What do we mean by genomics and genomic data in this report?
Genomic research uses and shares data from the whole of a person’s DNA sequence and structure, rather than an individual gene. Using this definition provides a very clear link to the definition of genetic data as it exists under the UK GDPR, with implications as to how and when this may be considered personal data as well as special category personal data.
Each person’s DNA sequence is represented by some 6.4 billion bases (or letters) in our genome. Genomics refers to the study of these individual genes, grouped into either coding or non-coding genes. 10 Some genes determine traits such as eye colour or blood type. Others, complex traits and characteristics that reflect the interaction of multiple genes (polygenic), variances in a DNA sequence and the impact of environment. Common complex traits are highly polygenic and influenced but there are thousands of common DNA variants.

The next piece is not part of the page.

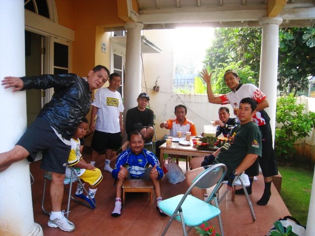 Om Gazelle [Lead Gitar Band Cimart] yang akhirnya muncul beberapa saat kemudian. Sebagai biker sejati, maka semua perlengkapan standard menempel di badan dan sepeda pak Lis [alias Om Gazelle]

Other factors that can alter the instructions our genes provide include mutations that generate positive, negative or neutral effects to our characteristics. These may be inherited or experienced in the lifetime of a person. Access to the information encoded in DNA can be shifted or changed through epigenetic factors and quasi-environmental factors. At its largest scale, functional genomics can be considered a study of multiomics, encompassing not only DNA but its possible modulations, RNA transcripts and modifications and protein structures and how these interact with their environment.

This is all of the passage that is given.